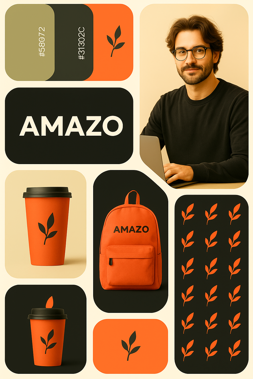 /Collection: /by davooda/Type: PNG/The image features a creative layout of design blocks showcasing a modern branding concept. It includes elements like a coffee cup, backpack, and a person working on a laptop, all with a cohesive color scheme.
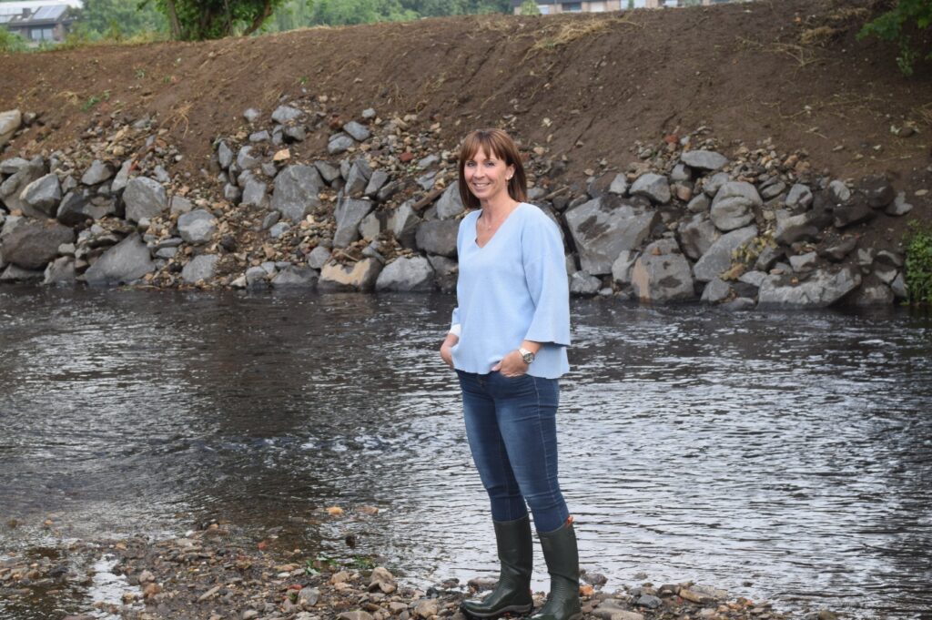 Die Befestigung mit Findlingen war durchaus eine Herausforderung: „Es gab keine direkte Zuwegung zur Abbruchstelle“, berichtet Tanja Moll, „deswegen mussten die schweren Steine über eine Rampe direkt neben der Brücke zum Fluss verbracht werden. Dort verlud sie ein Bagger nach und nach in ein geländegängiges Fahrzeug, das sie zum Baufeld transportierte. Ein weiterer Bagger entnahm sie dann aus diesem ‚Dumper‘ und positionierte sie geschickt in die neu zu errichtende Uferböschung.“
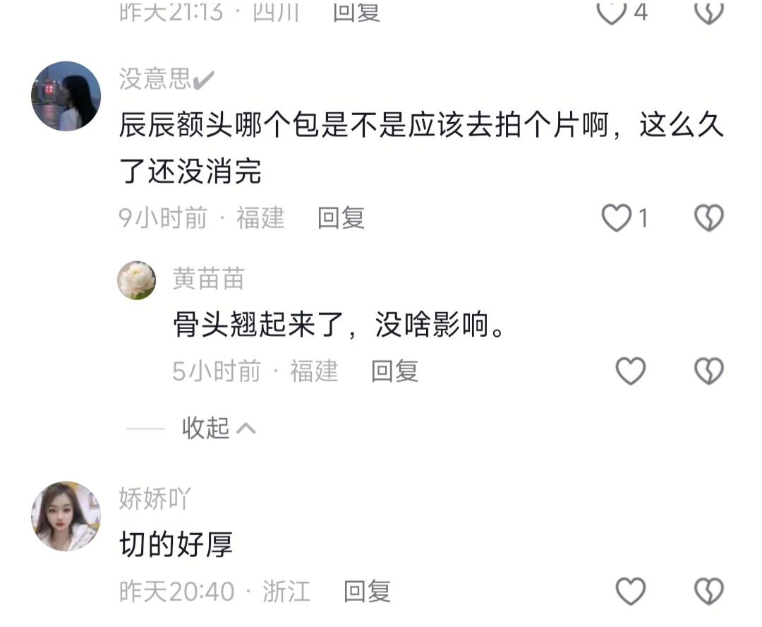 老实讲,开篇辰辰拜年的镜头,我翻来覆去看了三遍。本来想就看个热闹,结果一眼就瞅见娃额头那个包,我晕,这么久了还没消,换我我都郁闷死了。然后评论区直接炸了,有人说辰辰长了对精灵耳,别人说的,有福气的面相,娃以后肯定聪明;还有人急得不行,说赶紧带娃去拍片啊,不是吧?这都没人上心吗?还有人说终于给娃穿长衣服了,太棒了,真是操碎了老母亲的心。

========

■ **INSTRUCTIONS FOR THE TASK**
Everything but the pictures is needed: copy the data above exactly.

■ **RESULT OF THE EXERCISE**
 /Collection: /by davooda/Type: PNG/The image features a creative layout of design blocks showcasing a modern branding concept. It includes elements like a coffee cup, backpack, and a person working on a laptop, all with a cohesive color scheme.
 Die Befestigung mit Findlingen war durchaus eine Herausforderung: „Es gab keine direkte Zuwegung zur Abbruchstelle“, berichtet Tanja Moll, „deswegen mussten die schweren Steine über eine Rampe direkt neben der Brücke zum Fluss verbracht werden. Dort verlud sie ein Bagger nach und nach in ein geländegängiges Fahrzeug, das sie zum Baufeld transportierte. Ein weiterer Bagger entnahm sie dann aus diesem ‚Dumper‘ und positionierte sie geschickt in die neu zu errichtende Uferböschung.“
 老实讲,开篇辰辰拜年的镜头,我翻来覆去看了三遍。本来想就看个热闹,结果一眼就瞅见娃额头那个包,我晕,这么久了还没消,换我我都郁闷死了。然后评论区直接炸了,有人说辰辰长了对精灵耳,别人说的,有福气的面相,娃以后肯定聪明;还有人急得不行,说赶紧带娃去拍片啊,不是吧?这都没人上心吗?还有人说终于给娃穿长衣服了,太棒了,真是操碎了老母亲的心。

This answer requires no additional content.